--- START ---

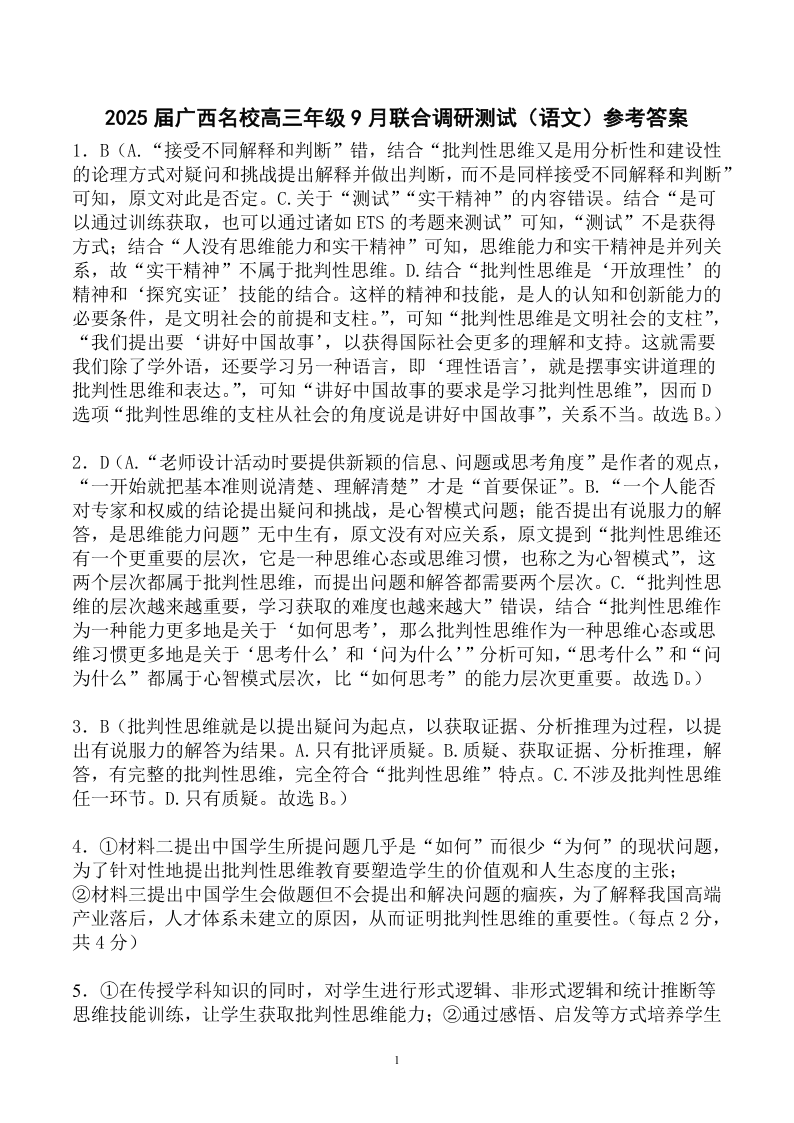 2025届广西名校高三年级9月联合调研测试 语文答案
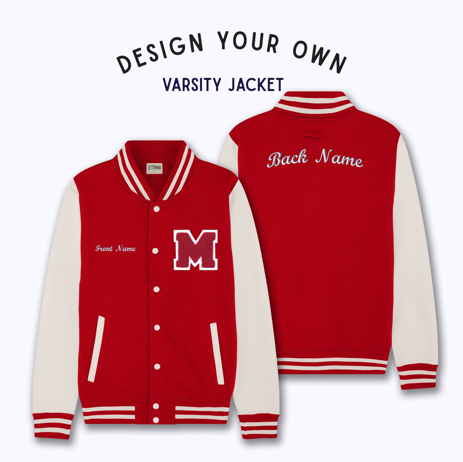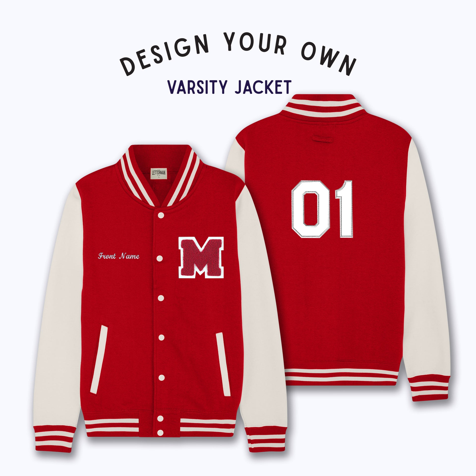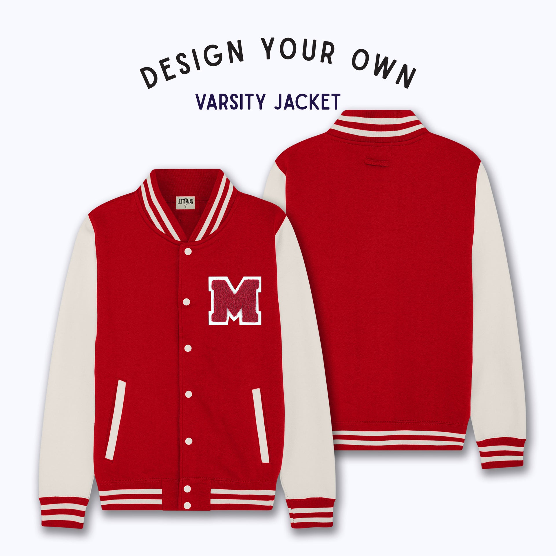 Sweatshirt Varsity Jacket with Varsity Letter Patch. Option to add embroidered name(s) & appliqué number*
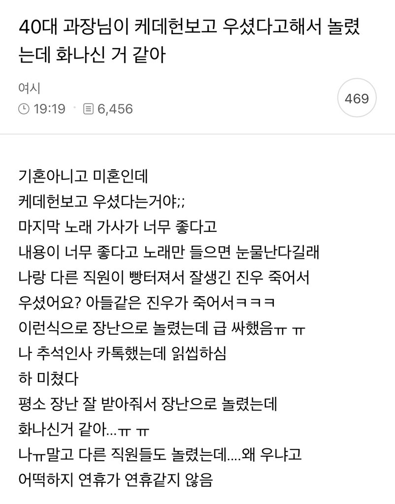 40대 과장님이 케데헌 보고 우셨다고해서 놀렸는데 댓글 0 조회 559 2025-10-06 16:43 관셈보살 Lv.3 게시글 보기 총 게시글: 513개 총 댓글: 0개 관셈보살님의 다른 글 25.10.14 38살 개그우먼의 청바지 핏 25.10.14 횟집 알바 하는 중앙대 공대생 25.10.14 캄보디아에서 50명 넘게 구출한 오창수 선교사 25.10.14 뷔페 3접시 밖에 못 먹는다는 아나운서 누나
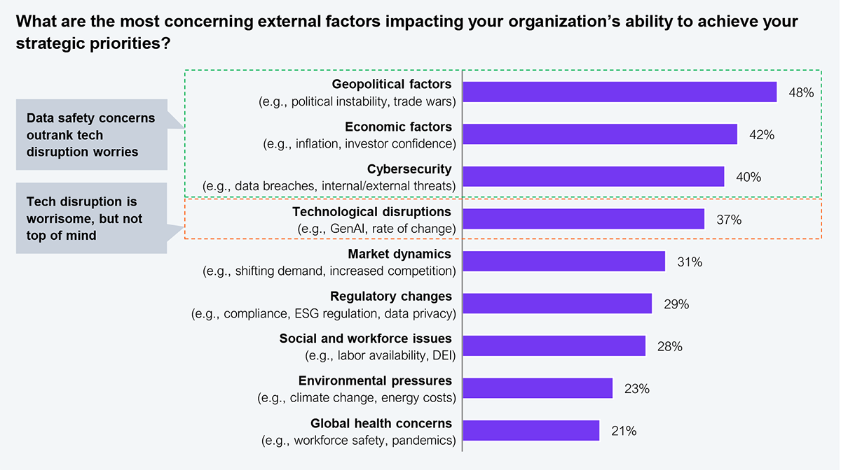 In a recent HFS Pulse study (see Exhibit 1), when we asked leaders from 200 global enterprises about external factors shaping their organizations’ ability to achieve strategic goals, three factors stood out in their answers. These factors—geopolitical, economic, and security—reflect an undercurrent of concern about the safety of the data their businesses run on. To define actions for the CEO and their teams, we must look beyond current politics and into the international laws that have set the stage for these actions.
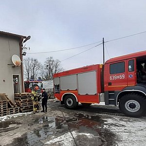 Po dojeździe na miejsce okazało się, że w jednym z pomieszczeń w budynku gospodarczym w miejscowości Giżyce doszło do pożaru. Ogień został szybko ugaszony. Nie było osób poszkodowanych.
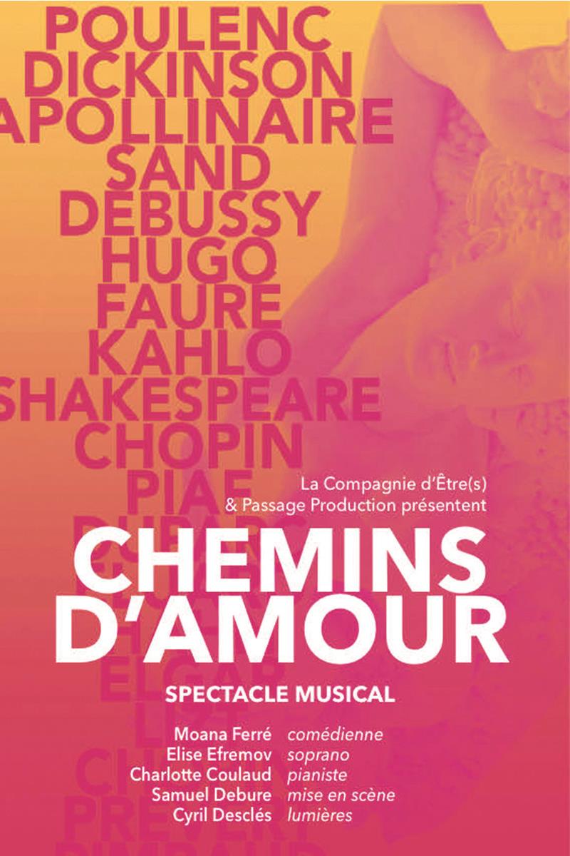 Trois femmes, une comédienne, une soprano et une pianiste, vous entraînent sur les Chemins d’Amour. Dans une mise en scène épurée, enlaçant textes et mélodies, elles partagent les tumultes de la passion, rêvent et se confient
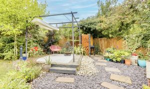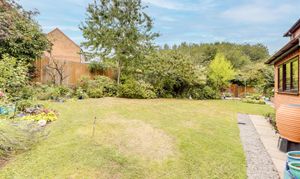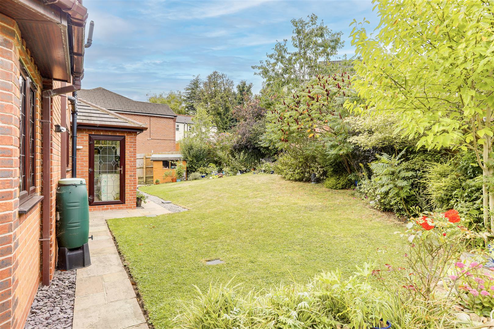 To the rear, the property benefits from an enclosed, private garden which wraps around the property featuring a well-maintained natural lawn, a variety of plants, shrubs, and mature trees, blue slate chippings, a decked area, a patio seating space, an outside tap and electrical socket, external lighting, and panelled fencing.
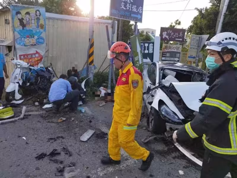 強大的撞擊力造成騎機車的33歲蔡姓男子和後坐妻子雙腳開放性骨折,機車上2名分別6歲和7歲的女兒受傷,駕駛特斯拉的李姓男子受困車內,被救出來時已經沒有生命跡象,經送醫搶救仍宣告不治,車上29歲的妻子和2名4歲的雙胞胎兒女受傷。
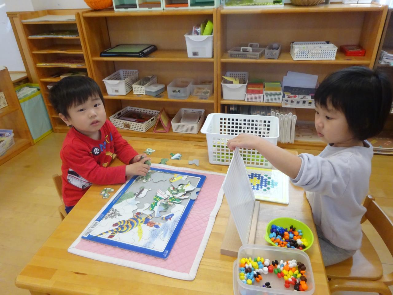 少しずつお部屋の環境にも慣れ、友達と一緒にすごろくや神経衰弱で遊ぶ姿、一人で集中して絵を描く姿など各々に遊びを楽しんでいます😄
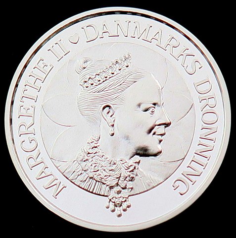Lot med førstedagskuvert stemplet 12.04.2000 og nummereret 0119 med indsat 20 kr. mønt og annulleret med 4 kr. mærke. Desforuden 200 kr. sølv, udgivet i 2000.
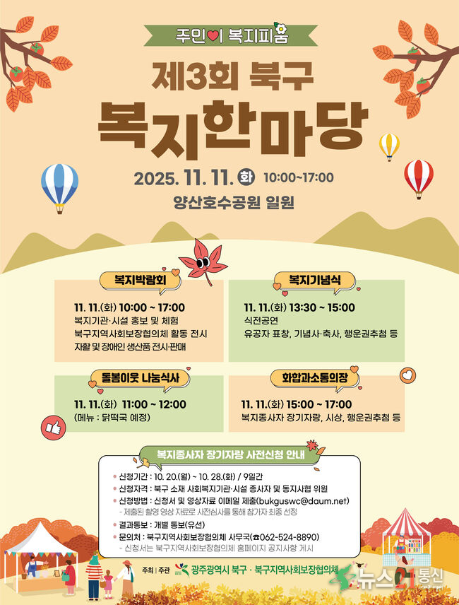 [뉴스21통신/전배룡기자] 광주광역시 북구는 오는 11일 양산호수공원 일대에서 ‘복지한마당’ 행사를 개최한다고 10일 밝혔다.
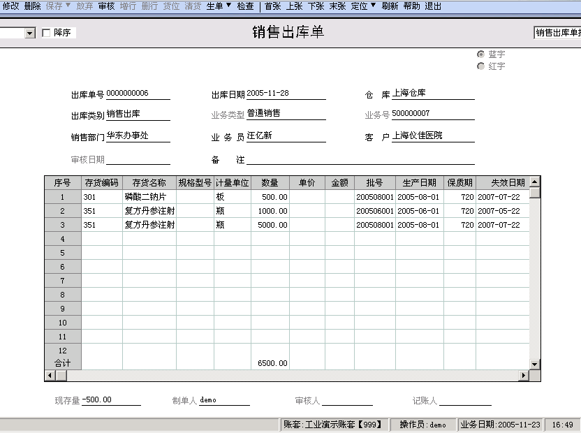 四、销售出库单
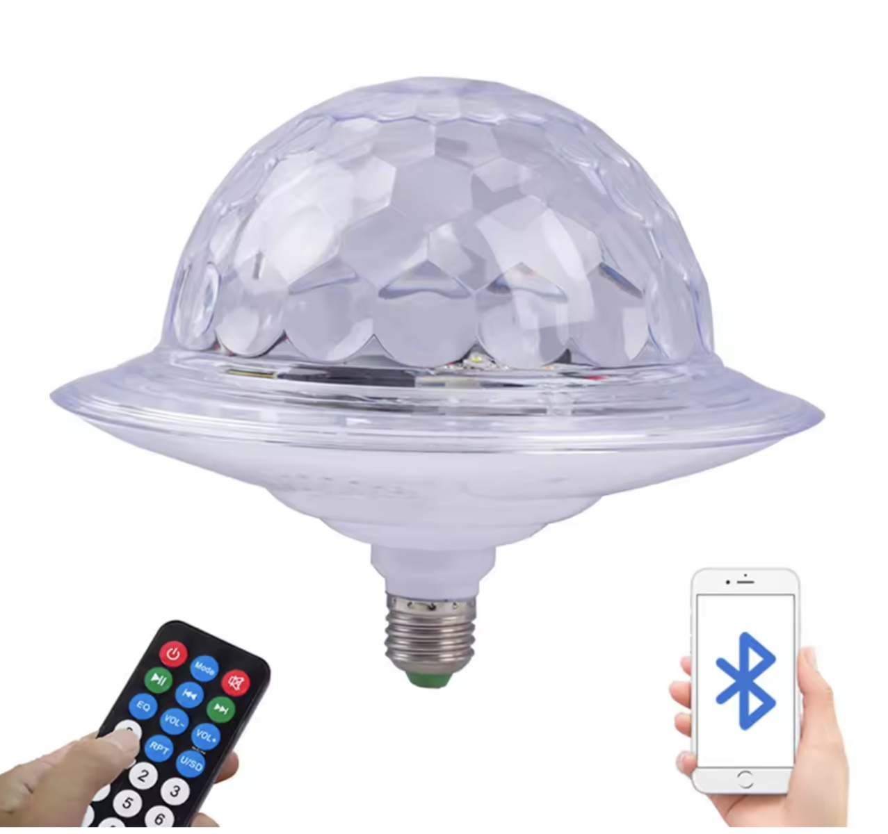 Світлодіодна обертаюча лампа RD-7202 з Bluetooth — це лампа у форматі диско-кулі з вбудованим динаміком, яка вкручується у стандартний патрон та створює яскраву атмосферу для вечірок і домашніх дискотек. Підключайте музику через Bluetooth і насолоджуйтеся світловими ефектами та звуком в одному пристрої. Модель RD-7202 виготовлена як практичний та надійний товар для щоденного використання.
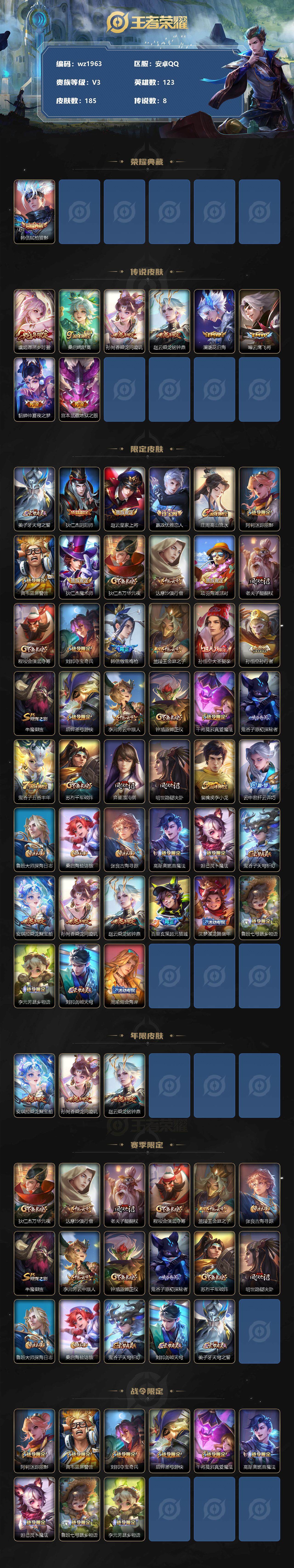 【游戏多多】【王者荣耀】【编号:3339066】【可二次实名】【wz1963】安卓Q-V3-永恒钻石V段位-123英雄-185皮肤-1典藏-0珍品无双-0无双-0珍品传说-8传说-48史诗 【荣耀典藏】:韩信弑枪猎影 【传说皮肤】:虞姬愿照岁时盈,桑启鸣野蒿,孙尚香乘龙问璇玑,赵云乘龙铭钟鼎,澜逐花归海,曜云鹰飞将,貂蝉仲夏夜之梦,宫本武藏地狱之眼 【限定皮肤】:姜子牙天穹之誓,狄仁杰阴阳师,赵云皇家上将,嬴政优雅恋人,庄周高山流水,阿轲迷踪丽影,典韦蓝屏警告,狄仁杰魔术师,狄仁杰万华元夜,达摩沙漠行僧,项羽海滩派对,老夫子醍醐杖,程咬金演武夺筹,刘邦夺宝奇兵,韩信傲雪梅枪,兰陵王金庭之子,孙悟空大圣娶亲,孙悟空孙行者,牛魔御旌,后羿圣弓游侠,李元芳云中旅人,钟馗驱傩正仪,干将莫邪真爱魔法,鬼谷子原初探秘者,鬼谷子五谷丰年,苏烈千军破阵,弈星混沌棋,明世隐疑决卦,裴擒虎李小龙,云中君纤云弄巧,鲁班大师探海日志,桑启海盐诗旅,张良古海寻踪,高渐离燃音魔法,妲己灵卜魔法,鬼谷子天穹祈灯,安琪拉乘龙聚宝船,孙尚香乘龙问璇玑,赵云乘龙铭钟鼎,百里玄策超元猎域,沈梦溪龙舞盛年,鲁班七号蔬乡物语,李元芳蔬乡物语,刘邦剑破天穹,周瑜熔金海岸 【年限皮肤】:安琪拉乘龙聚宝船,孙尚香乘龙问璇玑,赵云乘龙铭钟鼎 【赛季限定】:狄仁杰万华元夜,达摩沙漠行僧,老夫子醍醐杖,程咬金演武夺筹,兰陵王金庭之子,张良古海寻踪,牛魔御旌,李元芳云中旅人,钟馗驱傩正仪,鬼谷子原初探秘者,苏烈千军破阵,弈星混沌棋,明世隐疑决卦,鲁班大师探海日志,桑启海盐诗旅,鬼谷子天穹祈灯,刘邦剑破天穹,姜子牙天穹之誓 【战令限定】:阿轲迷踪丽影,典韦蓝屏警告,刘邦夺宝奇兵,后羿圣弓游侠,干将莫邪真爱魔法,高渐离燃音魔法,妲己灵卜魔法,鲁班七号蔬乡物语,李元芳蔬乡物语 【史诗皮肤】:鲁班七号电玩小子,赵云皇家上将,赵云未来纪元,貂蝉圣诞恋歌,甄姬冰雪圆舞曲,狄仁杰魔术师,廉颇地狱岩魂,宫本武藏鬼剑武藏,孙尚香水果甜心,嬴政优雅恋人,嬴政摇滚巨星,妲己魅力维加斯,妲己女仆咖啡,墨子金属风暴,吕布圣诞狂欢,李白千年之狐,张飞乱世虎臣,花木兰水晶猎龙者,刘邦德古拉伯爵,夏侯惇乘风破浪,小乔缤纷独角兽,兰陵王暗隐猎兽者,诸葛亮黄金分割率,百里守约特工魅影,蔡文姬舞动绿茵,刘禅天才门将,阿轲节奏热浪,孙策猫狗日记,孙悟空大圣娶亲,典韦蓝屏警告,狄仁杰鹰眼统帅,娜可露露晚萤,不知火舞魅语,阿轲迷踪丽影,橘右京修罗,裴擒虎李小龙,云中君纤云弄巧,干将莫邪真爱魔法,孙悟空孙行者,庄周高山流水,韩信傲雪梅枪,鬼谷子五谷丰年,妲己灵卜魔法,高渐离燃音魔法,百里玄策超元猎域,安琪拉乘龙聚宝船,鲁班七号蔬乡物语,阿轲化蝶舞,狂铁龙之律动 【其他皮肤】:项羽海滩派对,韩信教廷特使,韩信街头霸王,芈月红桃皇后,扁鹊化身博士,安琪拉玩偶对对碰,妲己少女阿狸,典韦黄金武士,亚瑟死亡骑士,甄姬花好人间,刘备万事如意,宫本武藏万象初新,狄仁杰阴阳师,刘备纽约教父,钟无艳海滩丽影,宫本武藏霸王丸,王昭君幻想奇妙夜,老夫子功夫老勺,孙尚香沉稳之力,诸葛亮掌控之力,李白敏锐之力,大乔守护之力,明世隐虹云星官,牛魔御旌,小乔丁香结,沈梦溪鲨炮海盗猫,姜子牙炽热元素使,弈星混沌棋,哪吒次元突破,明世隐疑决卦,刘邦夺宝奇兵,盾山圆桌骑士,老夫子醍醐杖,狂铁特工战影,鬼谷子原初探秘者,狄仁杰万华元夜,刘禅秘密基地,露娜瓷语鉴心,程咬金演武夺筹,钟馗驱傩正仪,鲁班大师乓乓大师,苏烈千军破阵,后羿圣弓游侠,达摩沙漠行僧,程咬金无双福将,兰陵王金庭之子,李元芳云中旅人,桑启海盐诗旅,海月幻泉雾影,猪八戒潮玩探月行,太乙真人劲辣红锅,莱西奥西部游侠,鲁班大师探海日志,张良古海寻踪,钟无艳聚星闪耀,亚连破局者,后羿完美运算,鬼谷子天穹祈灯,妲己灵卜魔法,朵莉亚金色潮汐,廉颇功夫炙烤,亚瑟鸿运当头,沈梦溪龙舞盛年,李元芳蔬乡物语,刘邦剑破天穹,大司命暗都幽影,姜子牙天穹之誓,周瑜熔金海岸,盘古敬我三分,东皇太一噬灭天穹,干将莫邪雾都夜雨,苍苍林狼骑,太乙真人谧流熔炉,西施雪境奇遇,姜子牙星梦巡礼,明世隐景韶洛都,刘备浪漫序章,钟馗虚灵犬护,苏烈春野闲踪,张良灵野札记,阿古朵布丁狗之约,鲁班七号福禄兄弟,高渐离金属狂潮,项羽帝国元帅,露娜绯红之刃,花木兰剑舞者,曹操超能战警,张良一千零一夜,小乔万圣前夜,孙悟空西部大镖客,后羿精灵王,刘禅英喵野望,兰陵王隐刃,李元芳特种部队,虞姬加勒比小姐,关羽天启骑士,夏侯惇战争骑士,马可波罗激情绿茵,苍维京掠夺者,杨戬埃及法老,哪吒三太子,诸葛亮星航指挥官,黄忠芝加哥教父,干将莫邪第七人偶,铠龙域领主,百里守约绝影神枪,百里玄策威尼斯狂欢,裴擒虎街头旋风,弈星踏雪寻梅,米莱狄精准探案法,元歌午夜歌剧院,司马懿魇语军师,盾山极冰防御线,伽罗花见巫女,沈梦溪棒球奇才

--- END ---

> **What the exercise asks**:
For this exercise, set down the lines in the entries above from the one with "強大的撞擊力造成騎機車的33" through the one with "Світлодіодна обертаюча лампа" exactly as written, without any pictures.

> **Written answer**:
 強大的撞擊力造成騎機車的33歲蔡姓男子和後坐妻子雙腳開放性骨折,機車上2名分別6歲和7歲的女兒受傷,駕駛特斯拉的李姓男子受困車內,被救出來時已經沒有生命跡象,經送醫搶救仍宣告不治,車上29歲的妻子和2名4歲的雙胞胎兒女受傷。
 少しずつお部屋の環境にも慣れ、友達と一緒にすごろくや神経衰弱で遊ぶ姿、一人で集中して絵を描く姿など各々に遊びを楽しんでいます😄
Lot med førstedagskuvert stemplet 12.04.2000 og nummereret 0119 med indsat 20 kr. mønt og annulleret med 4 kr. mærke. Desforuden 200 kr. sølv, udgivet i 2000.
 [뉴스21통신/전배룡기자] 광주광역시 북구는 오는 11일 양산호수공원 일대에서 ‘복지한마당’ 행사를 개최한다고 10일 밝혔다.
 四、销售出库单
 Світлодіодна обертаюча лампа RD-7202 з Bluetooth — це лампа у форматі диско-кулі з вбудованим динаміком, яка вкручується у стандартний патрон та створює яскраву атмосферу для вечірок і домашніх дискотек. Підключайте музику через Bluetooth і насолоджуйтеся світловими ефектами та звуком в одному пристрої. Модель RD-7202 виготовлена як практичний та надійний товар для щоденного використання.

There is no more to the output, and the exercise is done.